NASA is looking for improvement in aeropropulsive power density and efficiency in support of its Strategic Thrust in the area of Ultra-Efficient Subsonic Transports, focusing on small core turbofan engines for next-generation and future large commercial transport aircraft. The trend in the design of modern gas turbine engines is for ever-increasing cycle efficiency and reduced specific fuel consumption. To achieve these engine cycle efficiency goals, the low and high-pressure compressors (HPC) are pushed to ever-increasing levels of pressure ratio. Increasing levels of compressor pressure ratio results in higher rotor tip relative Mach number in the HPC front stages, and consequently steeper performance characteristic maps. The compressors with steep characteristics typically require variable geometry inlet guide vanes as well as variable stators in the first few stages to provides the desired performance and stability in an engine system. The design and development time of a modern high-pressure compressor with variable geometry can take years of design-build-test iterations. Determining the optimal combination of vane angle resets that will provide the desired compressor performance in an engine system environment is a time-consuming and expensive part of the development of high-pressure compressors. The proposed technology will include the AI-based multistage axial compressor performance prediction model, which can be easily incorporated in the system analysis tool and reliably predict the performance with high accuracy across the entire operating range of compressor even with multiple variable guide vanes and the capability to restore the compressor geometry based on the limited number of parameters, dramatically reducing the duration of the development of the compressor and the entire engine thus helping to approach true optimal engine performance and reduce the chances of additional expensive design iterations in real-life projects.

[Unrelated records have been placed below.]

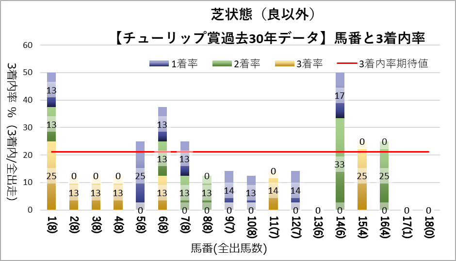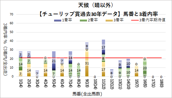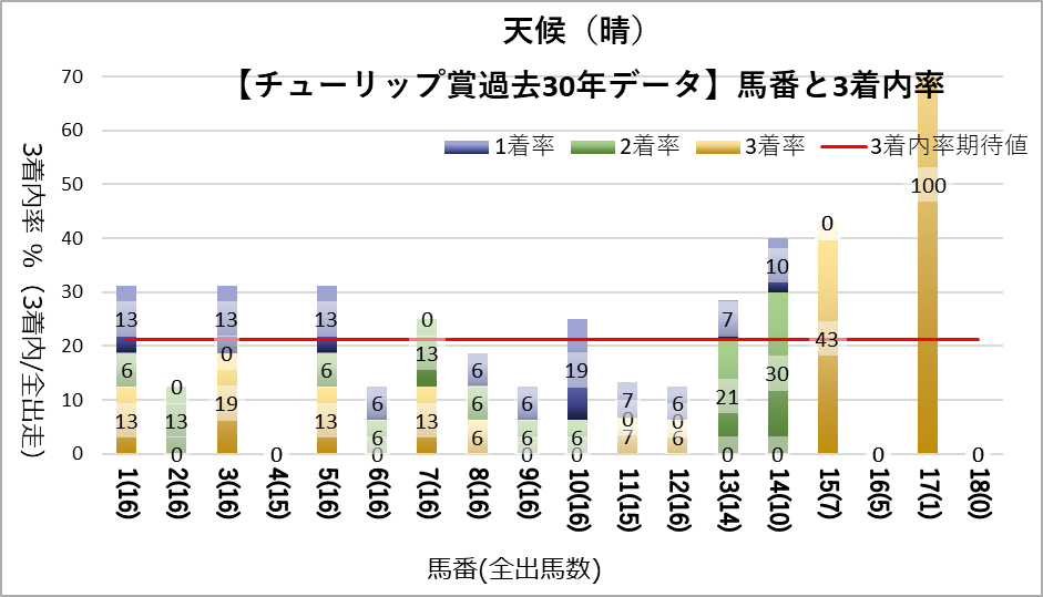 なお4, 16番においては過去一度も勝利がなく、晴のときは一度も馬券に絡んだことがない。
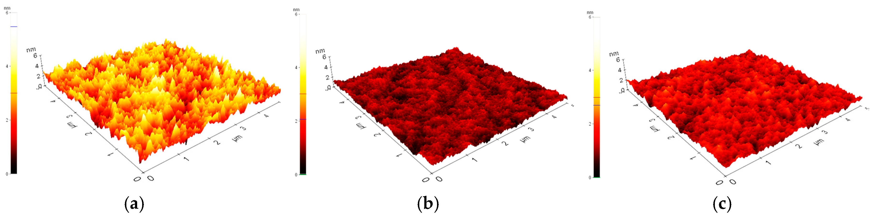 5 × 5 μm AFM images of ITO/PEDOT:PSS (a); ITO/PEDOT:PSS/SimCP3 (b); and ITO/PEDOT:PSS/SimCP3:FIrpic (10 wt %) (c).
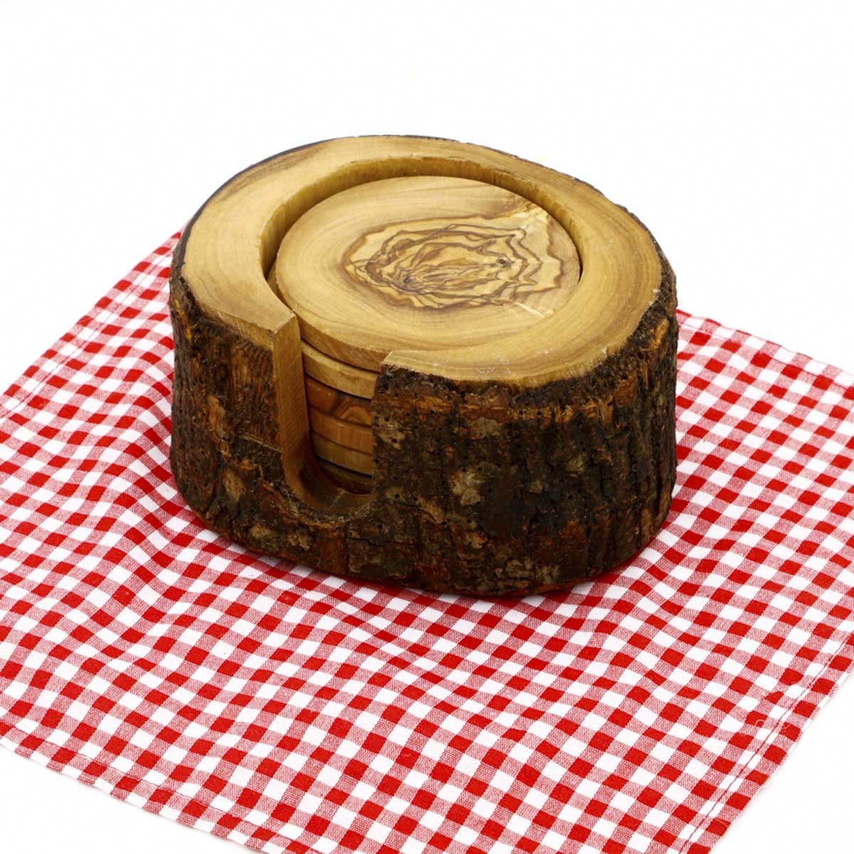A la fois objet déco et objet très pratique, le kit sous-tasse et support en bois d’olivier se présente comme un mini-tronc renfermant des petits sets de tasses.
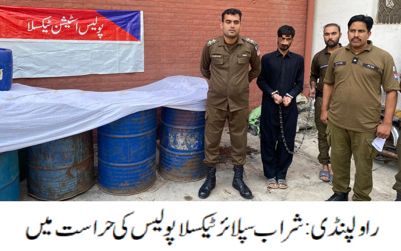 ، شراب سپلائر گرفتار، 2000لیٹرشراب برآمد،مقدمہ درج۔تفصیلات کے مطابق ٹیکسلا پولیس نے کاروائی کرتے ہوئے شراب سپلائر محمد علی کو گرفتارکرلیا، ملزم سے 2000لیٹرشراب برآمد کرکے مقدمہ درج کرلیاگیا، ایس پی پوٹھوہار محمد وقاص خان نے ٹیکسلا پولیس کو شاباش دیتے ہوئے کہاکہ نوجوان نسل کی رگوں میں منشیا ت کا زہر اتارنے والے ملزمان قانون کی گرفت سے نہیں بچ سکتے،منشیات اورشراب سپلائرز کے خلاف کریک ڈاؤن جاری رہے گا۔

The research is closely aligned with NASA Aeronautics programs in the areas of Compact Gas Turbine and Electrified Aircraft Propulsion and will augment the corresponding Advanced Air Transport Technology Project's Technical Challenges. The use of artificial intelligence (AI) for highly accurate axial compressor performance map generation will help to quickly evaluate the performance of the axial compressor, find the optimal guide vanes angles, and obtain its geometry and eventually improve the performance and power density of the engine.
The AI-based performance prediction model and subsequent compressor geometry restoration is in high demand in the companies designing the airbreathing engines and power generation units, as well as in aerospace manufacturers and defense because of the dramatic reduction of the development time and cost of the airbreathing turbo engines and vehicles.